So how do I start this?
It's been three months since I last worked for the Crazy Horse in Adelaide. Since then things have been running slow. I've applied for over 50 jobs, a lot of rejections and no interviews. Some days it's hard to keep a positive attitude and outlook seeing the rest of the world move on without me. Money's pretty tight, I owe people money and pretty soon I'll have a tax bill to pay. The future is uncertain.
I read in my Facebook feed that the roof bar at The Horse is completed and opening tomorrow. Didn't think it would affect me at all however it's a strange unsettling sensation being on the outside looking in. The club is moving on, once more mutating into some sort of high end modern day burlesque arena and good luck to it. It's a worthwhile concept but one which I wouldn't fit into now.
My DJ days are over now. My dismissal from the Crazy Horse didn't come as so much a surprise as a disappointment but inevitable conclusion. My last night working behind the desk was one of the worst shifts I worked as I engaged in a bitter war between audience and performers siding with the crowd in front of me. Trying to entertain the punters as they demanded (literally, they were coming up to the DJ box complaining about the music and demanded that I changed it), I ended up in a confrontation with some of the dancers who let it be known to me in a, um, forceful manner they didn't appreciate my input or suggestions. I had pre-packed my things and made a firm decision to walk out right then if I could somehow manage to escape without being detected. When the only option is the front door in front of bouncers and owners of the club, it makes the art of making a stand a bit hard to perform. I was really in no mood for a Hindley Street brawl centred around myself.
But... I kind of wished I had now, to make a statement and bask in it's notoriety. "You know that DJ Dazz just fucking walked out in the middle of the show? Can you believe that? What a (insert choice of crass noun here)!". To say to everyone in the aftermath that I raised my middle finger to the whole club and industry and make sure I was never going to work in Hindley Street ever again due to my impertinence. What a fitting conclusion to the realm of DJ Dazz! What bragging rights!
Alas, history shows that I was told I was no longer required to work at the club. Those last eighteen years ended with not a bang or statement of some sort but the empty fizzing sound of a fire cracker extinguished before it had chance to take flight.
Do I miss the job? Not so much performing the task at hand of introducing the ladies onto the stage or wondering what song to play next, usually with a maximum of 90 seconds to decide. Too much pressure and stress to get it absolutely right and God forbid my state of mind if I got it ever so slightly wrong. Looking back with hindsight, I wasn't that a good DJ; I just got very lucky sometimes. As for my MC skills, that was just an imitation of the countless radio DJs I grew up listening to, back when disc jockeys were fully qualified music nerds who had an inner longing to share with everybody their first love: music. Today's radio seems to be full of comedians and sport celebrities, none which have the passion for what they play (well that's my opinion and sharing opinions is what blogs are for).

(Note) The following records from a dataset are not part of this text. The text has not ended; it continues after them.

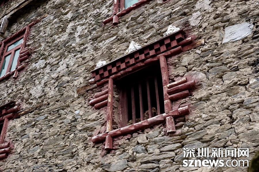 民居內(nèi)房間寬闊、梁柱縱橫,一般有二至三層,上面作為住房,下面設(shè)牛羊圈舍或堆放農(nóng)具,屋內(nèi)房頂常壘有一"小塔",供奉羌人的白石神(一塊卵狀白色石頭)。李仁奇 攝
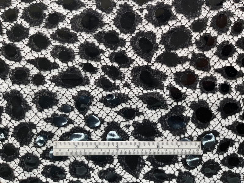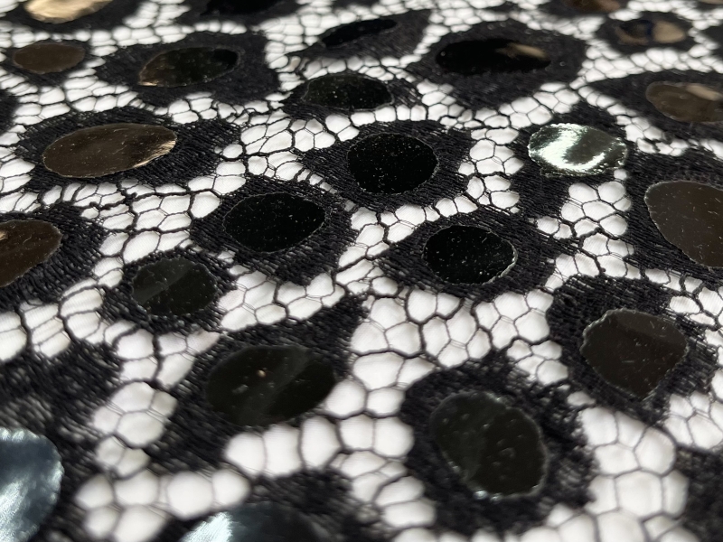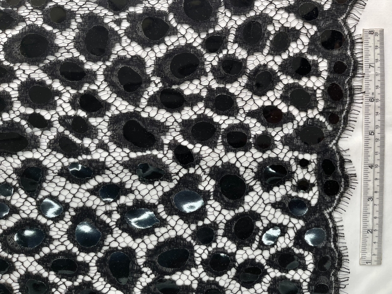 Double Scalloped Black Chantilly with Rubber Mylar in Leopard Pattern
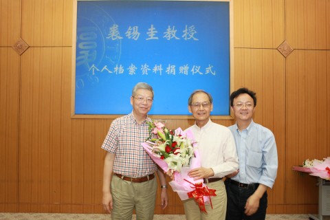 9时整,复旦大学档案捐赠仪式隆重举行。仪式由校档案馆张劲副馆长主持。周桂发馆长首先以生动的语言、详实的事例,向出席仪式的来宾介绍了近年来档案馆进行了“校史资料、人物档案、大学记忆”三个系列档案的征集概况。他说:“通过这些复旦老教授、学术大家留存的证书、手稿、照片等档案资料,让人们了解他们做学问中的点滴甘苦,同时对后辈可以产生教育意义,鞭策当今学子奋发学业”。
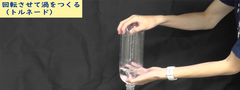 ペットボトルを回転させて、中に渦をつくって流出させてみましょう。 |
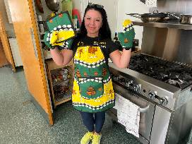 This colorful apron with matching pot holders and kitchen mitts adds a perfect handmade touch to your kitchen.
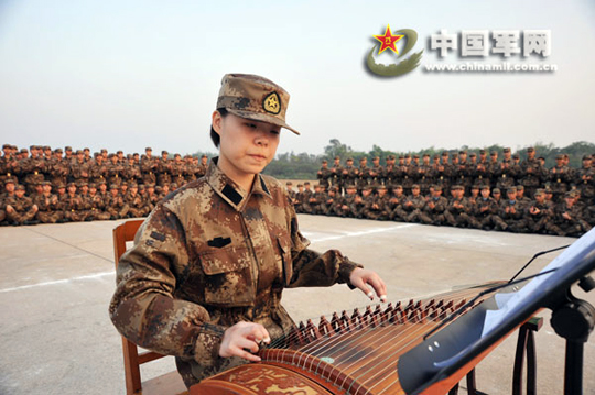 女兵陈佳煌表演的古筝独奏《笑傲江湖》震撼全场。韦君 摄
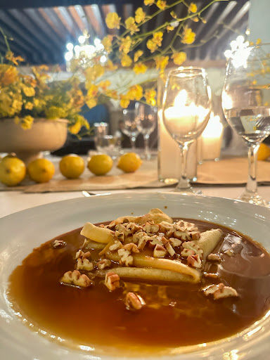 The menu was a delight, starting with a trilogy of Mexican appetizers, including a plantain empanada filled with beans, a requesón taco with cochinita pibil, and a sopecito topped with guacamole. Each bite showcased a balance of tradition and flavor. For the main course, the Tampiqueña-style grilled steak stood out—tender, flavorful, and perfectly paired with a creamy enmolada, roasted poblano strips, guacamole, and beans. The meal concluded with heavenly cajeta crepes, a dessert as rich and decadent as the history surrounding us.
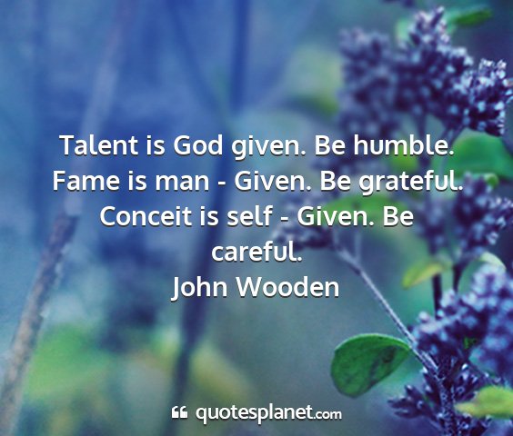 Talent is God given. Be humble. Fame is man - Given. Be grateful. Conceit is self - Given. Be careful.John Wooden

I could mix sometimes but the modern DJ art of key changes, dropping in samples etc... that didn't interest me (but I will say I was impressed with some of the new DJs on the Adelaide scene, they were less impressed with my age and that I was doing it at all).

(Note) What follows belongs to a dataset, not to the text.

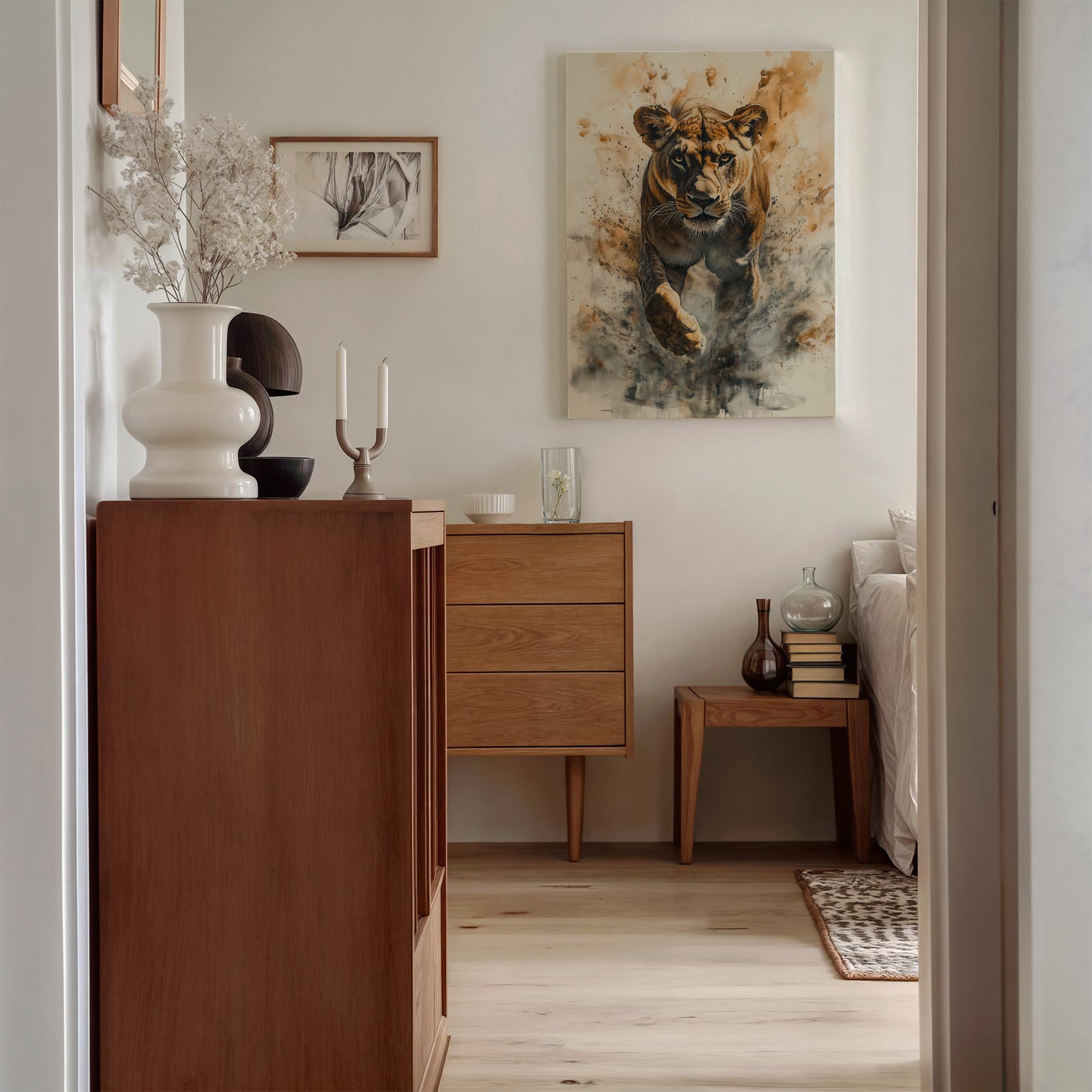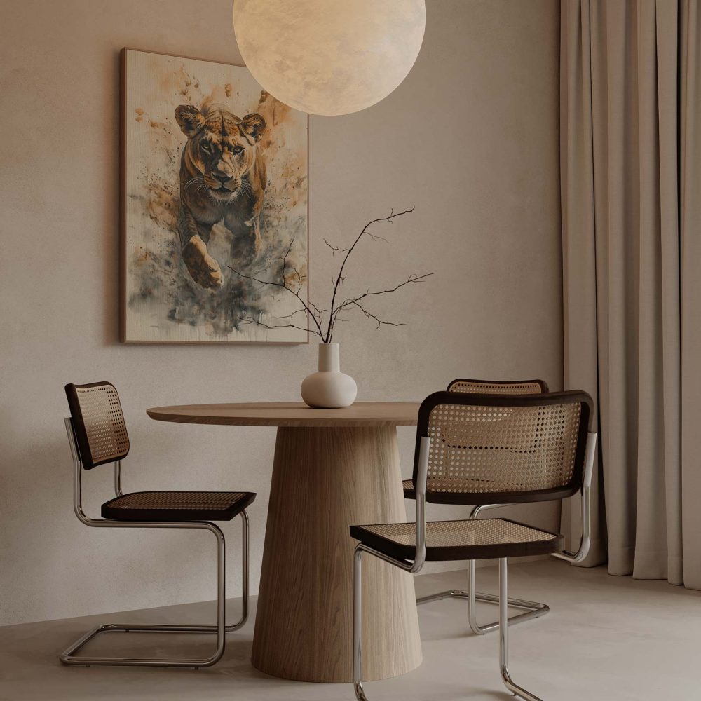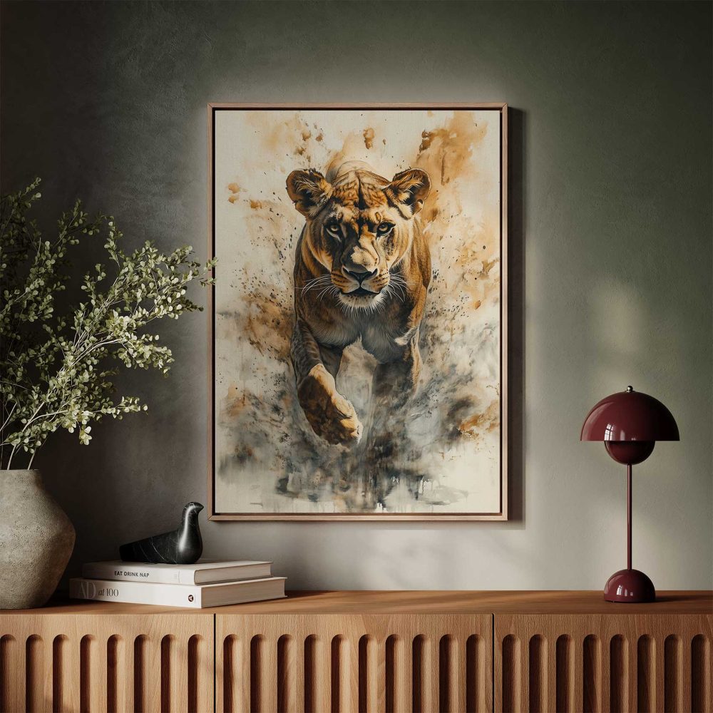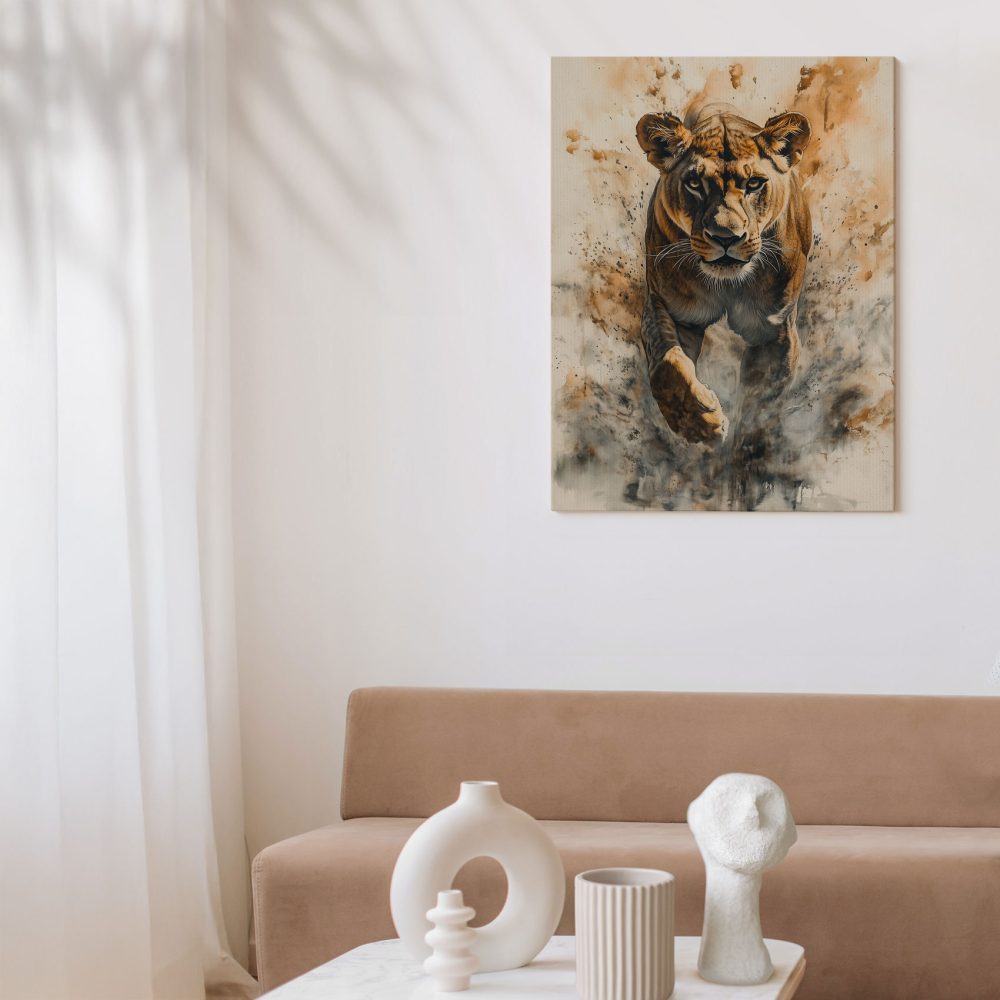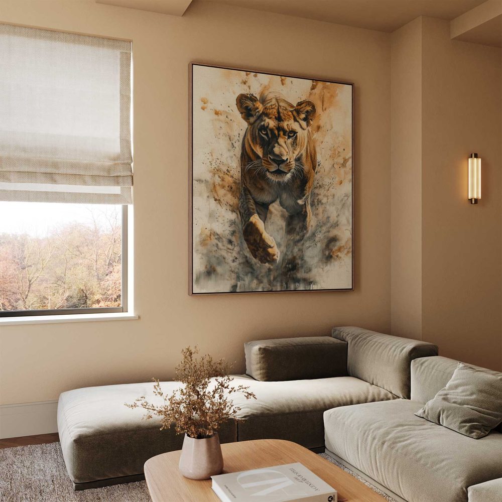 Terug naar collectie / Schilderijen / Dieren Schilderij / Majestueuze rennende leeuwin
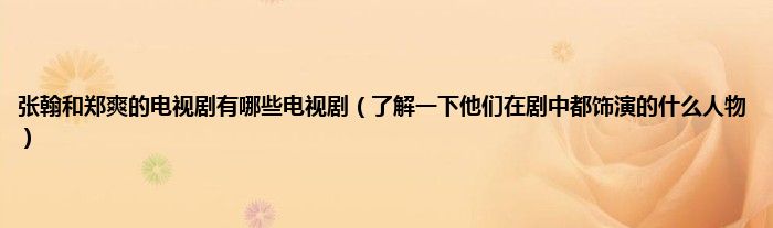 欢迎观看本篇文章,小升来为大家解答以上问题。张翰和郑爽的电视剧有哪些电视剧,了解一下他们在剧中都饰演的什么人物很多人还不知道,现在让我们一起来看看吧!

I do miss the people, terribly. Well some of the people, there are a few I have no wish to ever be in contact with ever again. I take comfort in the fact that those people will never go out of their way to give me a passing thought anyway. That's life.

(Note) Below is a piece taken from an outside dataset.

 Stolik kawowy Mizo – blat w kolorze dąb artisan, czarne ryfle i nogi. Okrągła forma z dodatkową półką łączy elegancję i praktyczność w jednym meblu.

As for the people I don't see now on a weekly basis and whose company I enjoyed and treasured, they are continuing with their professional lives, still being involved in the bohemian nightlife that the seedy underbelly of Adelaide offers (actually it's not that seedy, only to people who never go out and indulge in it; for those working within, it's just a job). Every now and then I try to summon up the nerve to get in some sort of contact with them, ask how everything is going and ask the self-indulgent question of whether they miss me or not. However realising their waking hours are now the opposite of mine and they still have to deal with the day-to-day running of lives, I resist that temptation and let Facebook due it's daily duty of status updates to make sure I keep in some sort of touch.
I guess all this sprung to mind when I saw the Facebook updates about the new rooftop bar at The Crazy Horse. It unsettled me, like seeing a picture of an ex who is now happily married with children as you are sitting on the couch in faded t-shirt and track pants with the stinging sound of an empty house in your ears. I'll admit that some of my days are like that, sometimes by choice. That's the reason I started blog writing again, to have a conversation about myself with the screen hoping the screen will allow some self feedback.
Anyway there was lots more I wanted to write about but those thoughts can be saved for another blog another time. It's now lunchtime on this cold cold day and I need to eat and hear some good uplifting/interesting music.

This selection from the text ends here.